What you will do: From the records below, please print only the lines from the one containing "電磁弁やエアシリンダ等の修理" through the one containing "From face to", both included. Skip the pictures.

Task inputs:
----
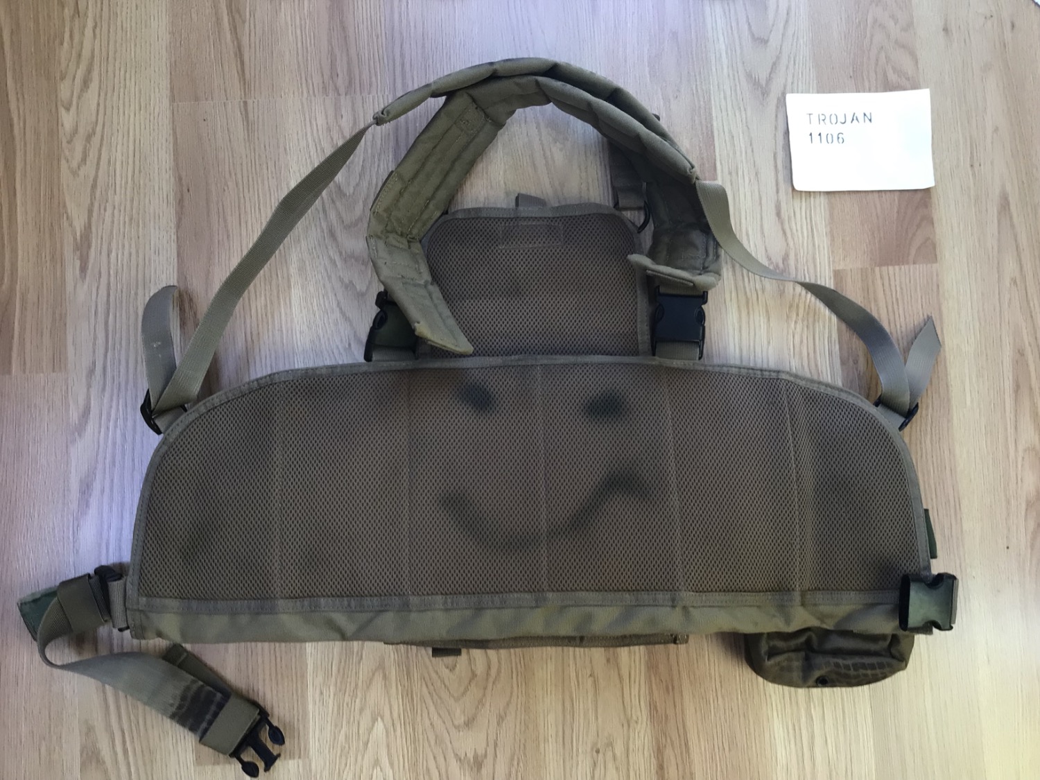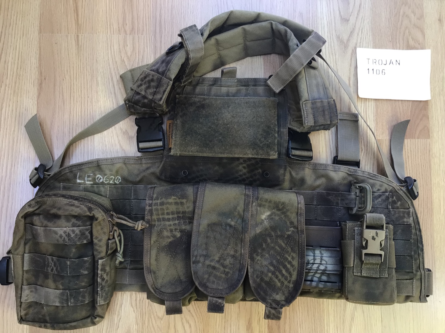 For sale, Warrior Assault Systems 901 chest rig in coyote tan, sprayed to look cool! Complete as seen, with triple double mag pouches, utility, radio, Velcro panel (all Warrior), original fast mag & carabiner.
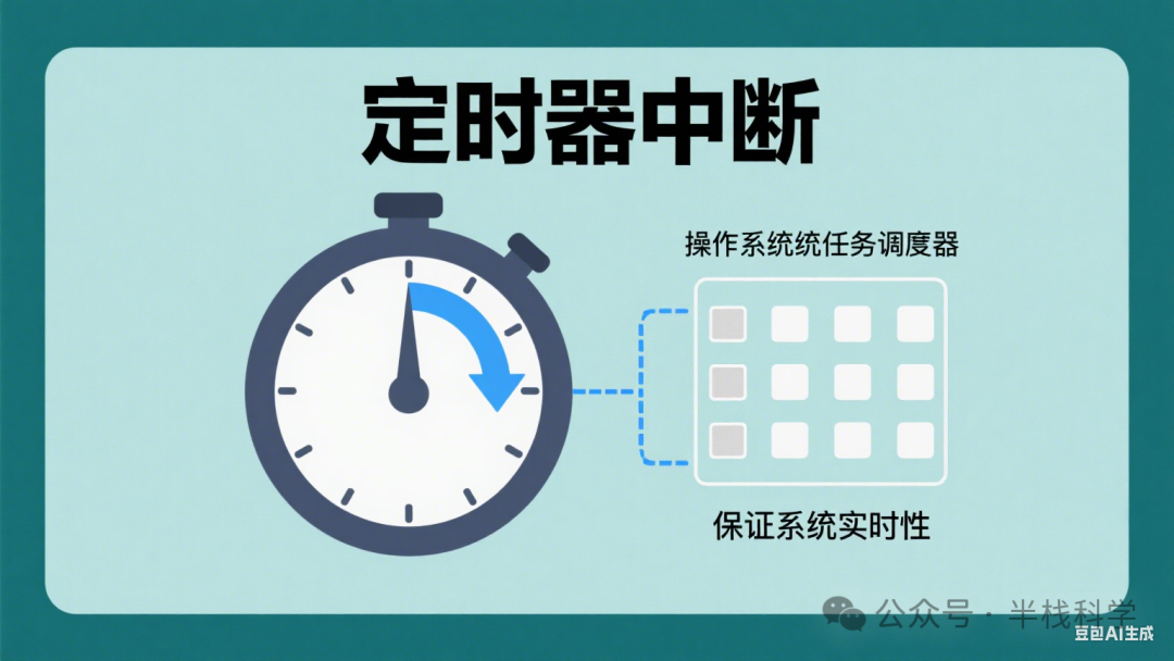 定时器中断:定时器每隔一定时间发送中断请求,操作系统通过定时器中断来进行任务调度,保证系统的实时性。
----
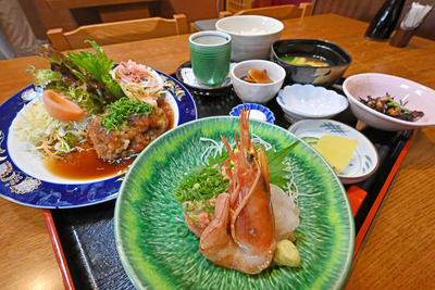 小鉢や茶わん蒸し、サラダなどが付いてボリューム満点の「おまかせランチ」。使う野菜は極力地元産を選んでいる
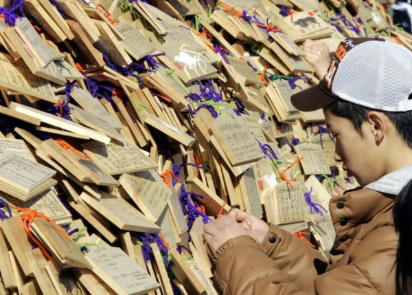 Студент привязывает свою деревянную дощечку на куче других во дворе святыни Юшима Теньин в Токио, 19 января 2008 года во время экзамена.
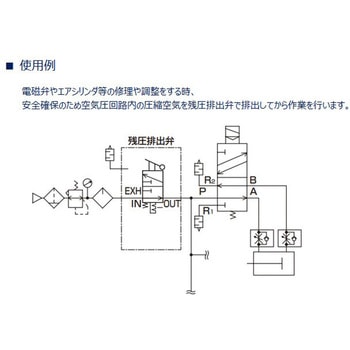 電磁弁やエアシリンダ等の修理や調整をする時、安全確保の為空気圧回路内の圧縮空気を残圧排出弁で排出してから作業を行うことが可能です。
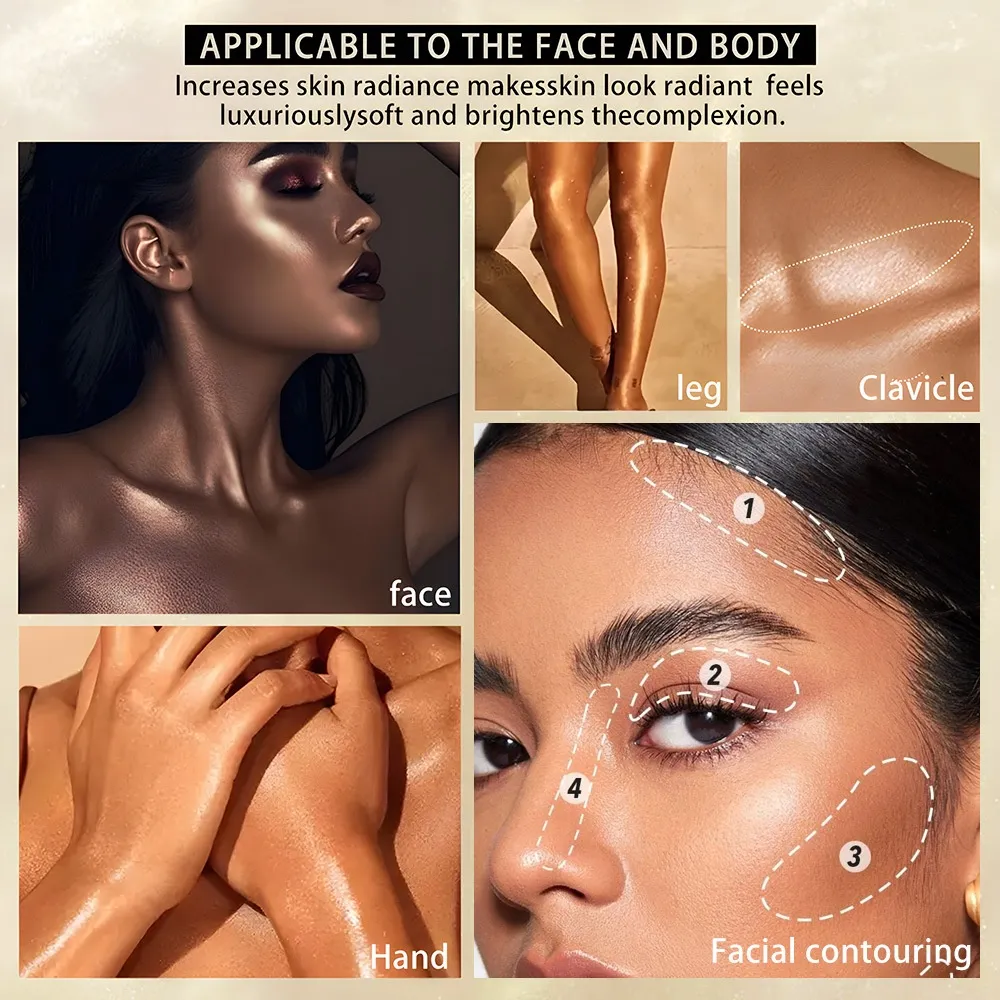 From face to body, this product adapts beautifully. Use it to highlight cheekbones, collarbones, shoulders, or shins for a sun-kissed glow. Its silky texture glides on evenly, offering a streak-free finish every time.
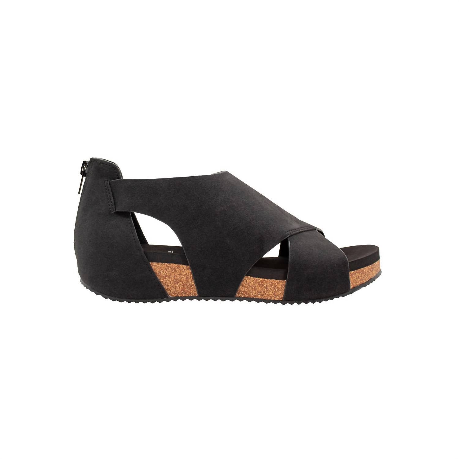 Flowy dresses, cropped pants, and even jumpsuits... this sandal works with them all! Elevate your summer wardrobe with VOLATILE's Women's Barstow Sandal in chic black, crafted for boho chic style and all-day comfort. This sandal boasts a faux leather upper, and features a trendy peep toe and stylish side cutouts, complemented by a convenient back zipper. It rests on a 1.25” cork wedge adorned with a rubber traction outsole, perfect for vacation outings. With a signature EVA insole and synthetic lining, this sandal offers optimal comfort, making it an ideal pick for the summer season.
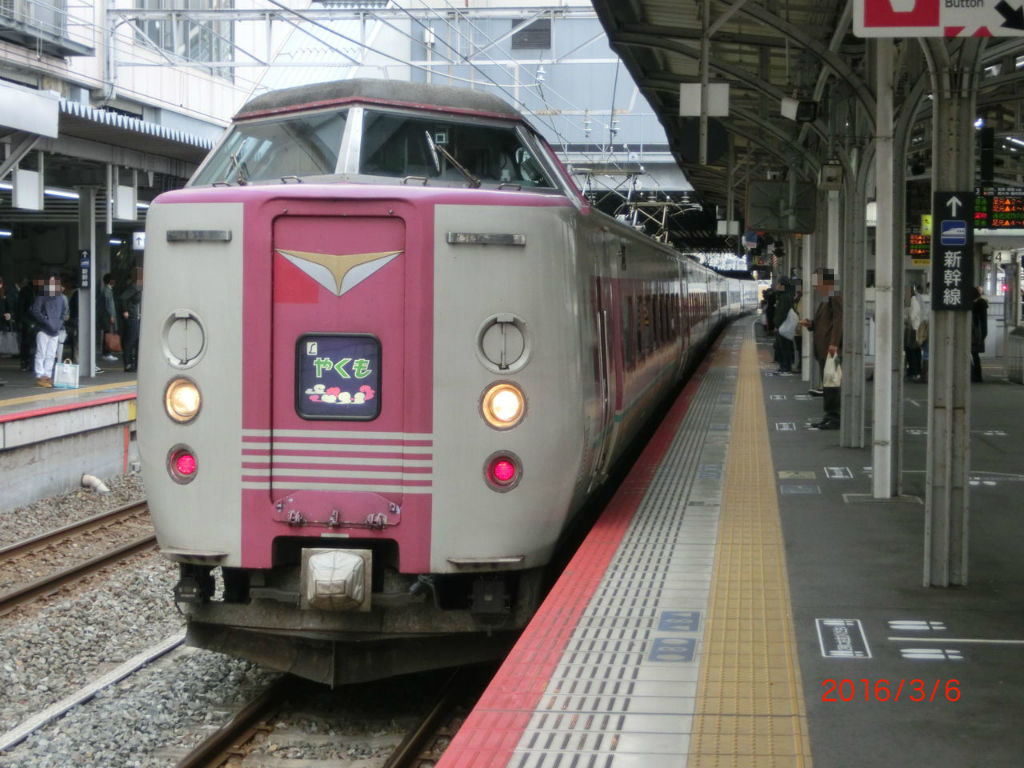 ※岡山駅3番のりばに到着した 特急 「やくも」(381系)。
----
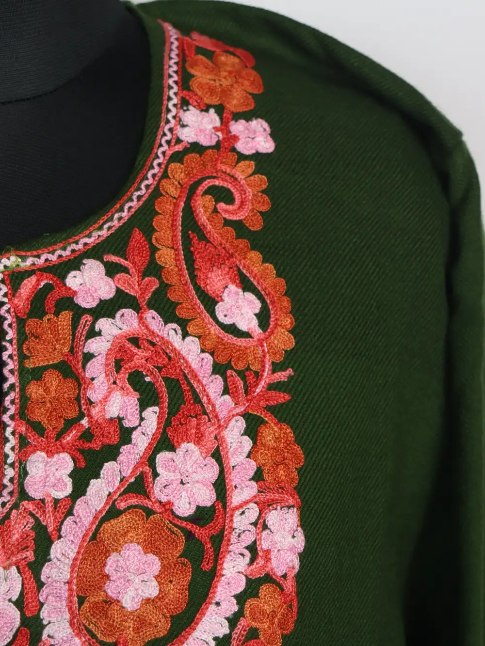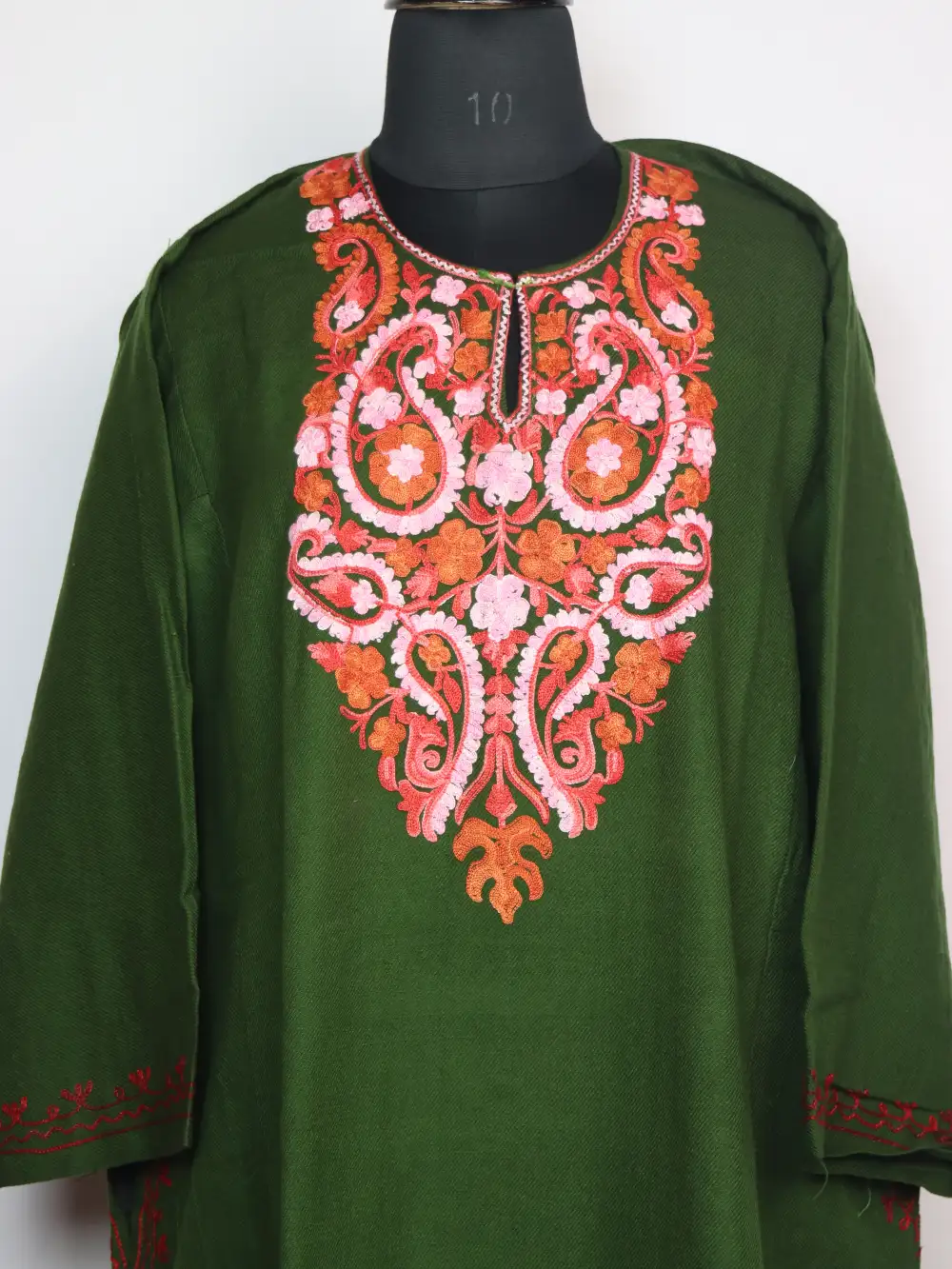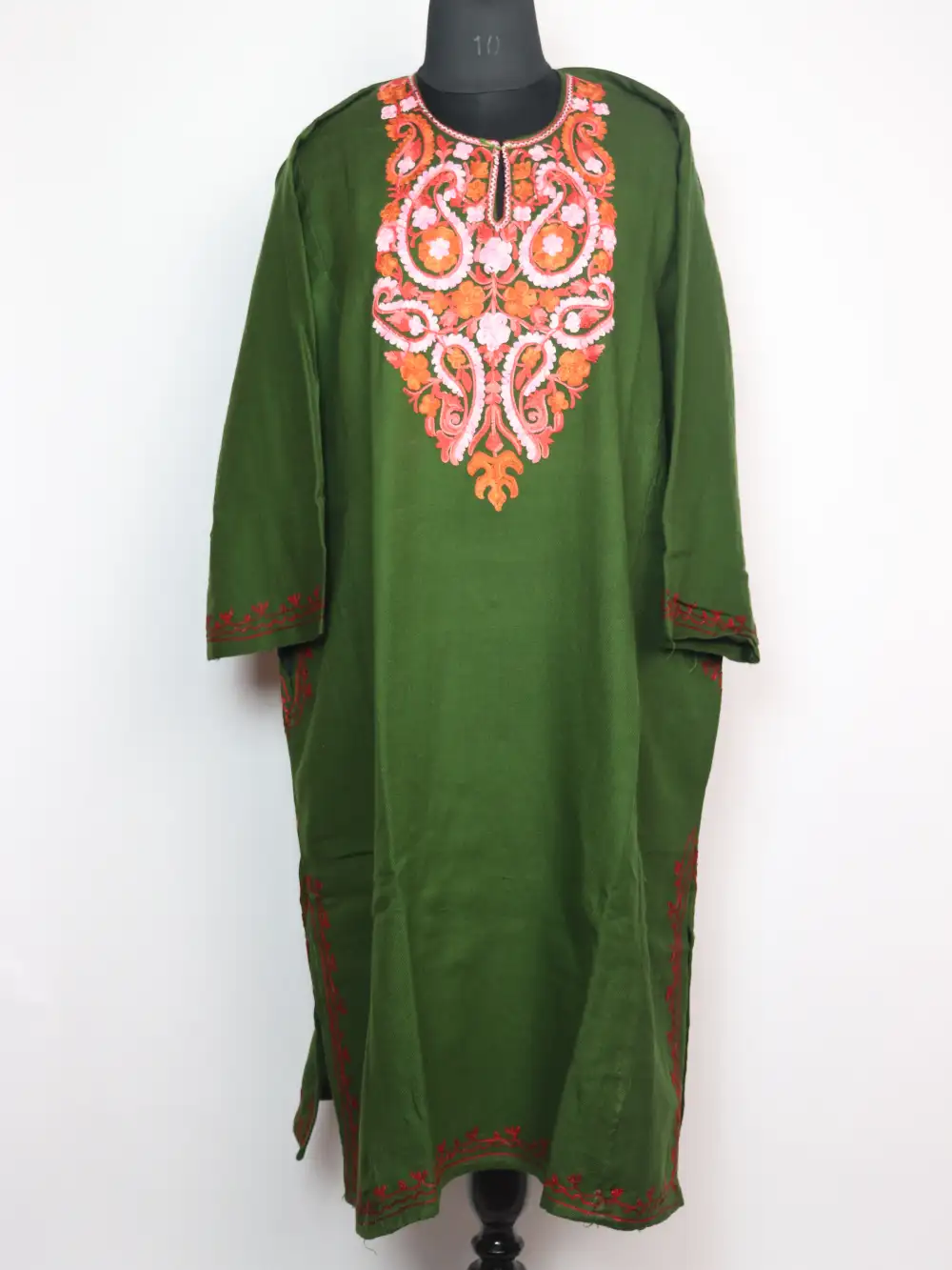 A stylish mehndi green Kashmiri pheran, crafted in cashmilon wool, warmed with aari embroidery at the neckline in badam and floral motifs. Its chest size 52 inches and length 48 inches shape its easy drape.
----
Your response:
 電磁弁やエアシリンダ等の修理や調整をする時、安全確保の為空気圧回路内の圧縮空気を残圧排出弁で排出してから作業を行うことが可能です。
 From face to body, this product adapts beautifully. Use it to highlight cheekbones, collarbones, shoulders, or shins for a sun-kissed glow. Its silky texture glides on evenly, offering a streak-free finish every time.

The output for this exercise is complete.